The Pipeline#

The CV/OCR pipeline turns the source scanned PDF into the canonical OCR database and the normalized page images that the npm packages ship. Consumers of humument never run this — the data is published on npm. You only need the pipeline to rebuild the dataset (e.g. after swapping the source scan or changing the OCR logic).

Six pages of A Human Document, each shown at the four CV pipeline stages — raw scan, deskewed and cropped, normalized black-and-white, and whitespace-plus-features analysis

The stages below across six pages — one row each: 01a raw scan → 01c deskewed & cropped → 01d normalized B&W → 01e + 02 word-rarity features + whitespace graph. Read a column to follow one page through the pipeline.

Requirements#

  • macOS — OCR is done locally with Apple Vision (via ocrmac); there are no cloud APIs and no Linux path.
  • uv — the Python project (pyproject.toml) is managed with uv (Python ≥ 3.11).

Running it#

From the repo root:

uv sync
make pipeline   # stages 01a → 03, in order
make verify     # validate + pytest + typecheck (the data-contract gate)

make pipeline runs the numbered stages in order; make verify runs the gate that protects the data contract (validate + test + typecheck).

Page numbering#

The DB is keyed by the printed book page (page_num, 1–367), which equals the A Humument page. The PDF scan has front matter and a trailing publisher catalogue, so the raster index differs from the printed page by a constant:

raster_index (1-based into the PDF) = printed_page + PAGE_OFFSET   # PAGE_OFFSET = 9

This offset is applied in exactly one place — stage 01a. Afterwards every artifact and DB row is keyed by printed page, so all later stages and the editor work in printed-page space with no offset awareness. (All of this lives in pipeline/config.py: OUTPUT_WIDTH/HEIGHT = 1400×2100, DPI = 300, the B&W cleanup knobs, etc.)

Stages#

Configured in pipeline/config.py; run by the Makefile.

Stage Script Does
01a rasterize 01a_rasterize.py PDF → data/pages/*.jpg at 300 dpi. The only place PAGE_OFFSET is applied.
01b ocr_raw 01b_ocr_raw.py Raw macOS Vision OCR → data/humument.db.
01c correct_tilt 01c_correct_tilt.py Deskew, align (anchoring the running header), and re-OCR → data/pages_corrected/.
01d normalize_color 01d_normalize_color.py B&W high-contrast normalization, shadow removal, flat-field, text-bbox crop → data/pages_normalized/.
01e features 01e_features.py Tag every word with POS, lemma, frequency, rarity (spaCy + wordfreq).
02 whitespace_graph 02_whitespace_graph.py Whitespace gutters, word docks, and the routing graph used to draw rivers of type.
03 export_web 03_export_web.py Export the DB to static JSON under output/db/ (catalog, per-page pNNNN.json + gzipped twin, search index). This is the payload published as humument-data.

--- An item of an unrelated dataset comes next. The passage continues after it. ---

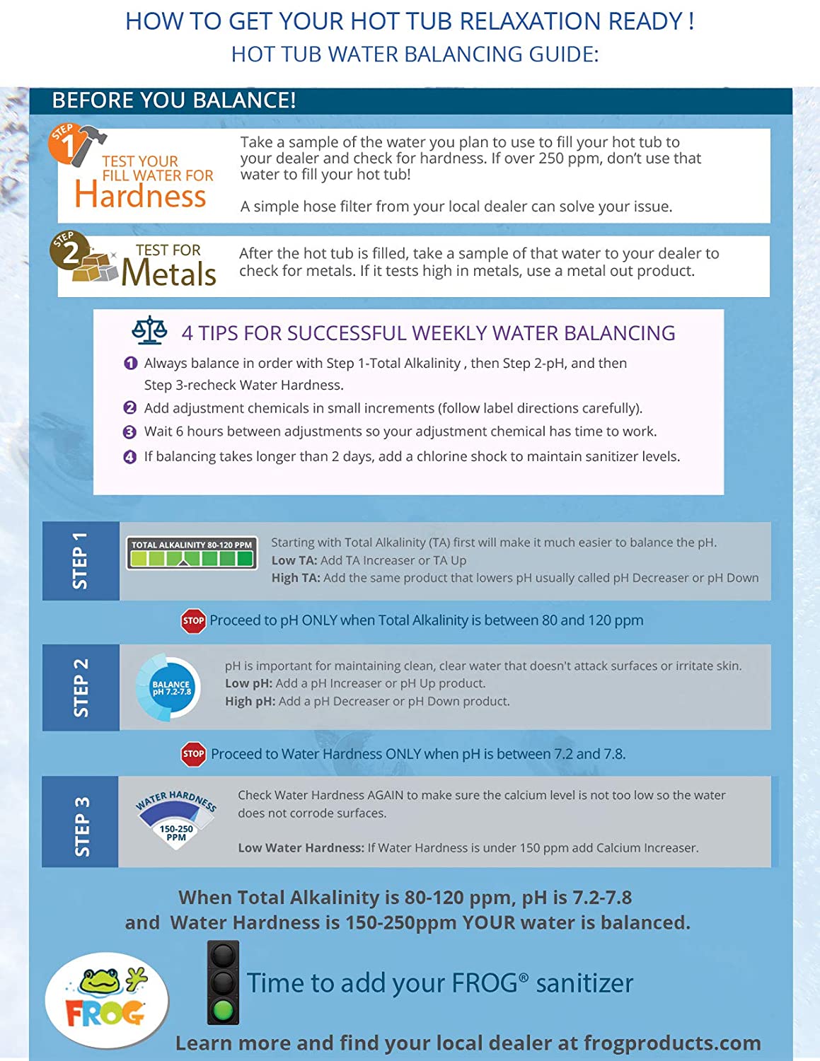 Balance the water in accordance to the water balancing guidelines with the pH between 7.2-7.6 and total alkalinity levels at 800-120 ppm. Calcium levels are also required to be 200-400 ppm. Establish a free chlorine residual of .5 – 1.0 ppm in the hot tub with Frog Jump Start start up shock or an EPA approved hot tub chlorine shock following the directions for that product. When using other products as outlined in directions always follow directions on those products.

A grid of normalized page scans sampled across the 367-page book

The output of stage 01d — 367 normalized B&W pages (a sample spread across the book), published as humument-images.

The canonical database#

data/humument.db is a SQLite database, keyed by page_num (1–367), and is the source of truth. Its six tables — pages, words, page_corrections, page_gutters, word_docks, and page_graph — are exactly what stage 03 serializes to JSON. See Data Format for the schema.

Because Apple Vision OCR is nondeterministic, the DB is versioned in the repo via git-lfs rather than regenerated; re-running the pipeline won't reproduce it byte-for-byte.

Verification#

make verify is the data-contract gate, and pipeline/validate_db.py is the heart of it — a read-only check of every invariant the editor relies on:

  • page_corrections.page_num is exactly the contiguous content range (this is what makes page_num == printed page == A Humument page);
  • pages dimensions equal the normalized canvas and the actual JPEG dims (word-overlay alignment depends on it);
  • NLP columns, graph, gutters, and docks are all populated and JSON-parseable;
  • the page number printed in each running header matches page_num (≥ 85%) — objective proof of the page correspondence.

It exits non-zero on failure, so it doubles as the CI/pytest gate (pipeline/tests/).

Publishing the data packages#

data-packages/sync.mjs copies the pipeline outputs into the two data packages at publish time (output/dbhumument-data; data/pages_normalizedhumument-images). See npm Packages.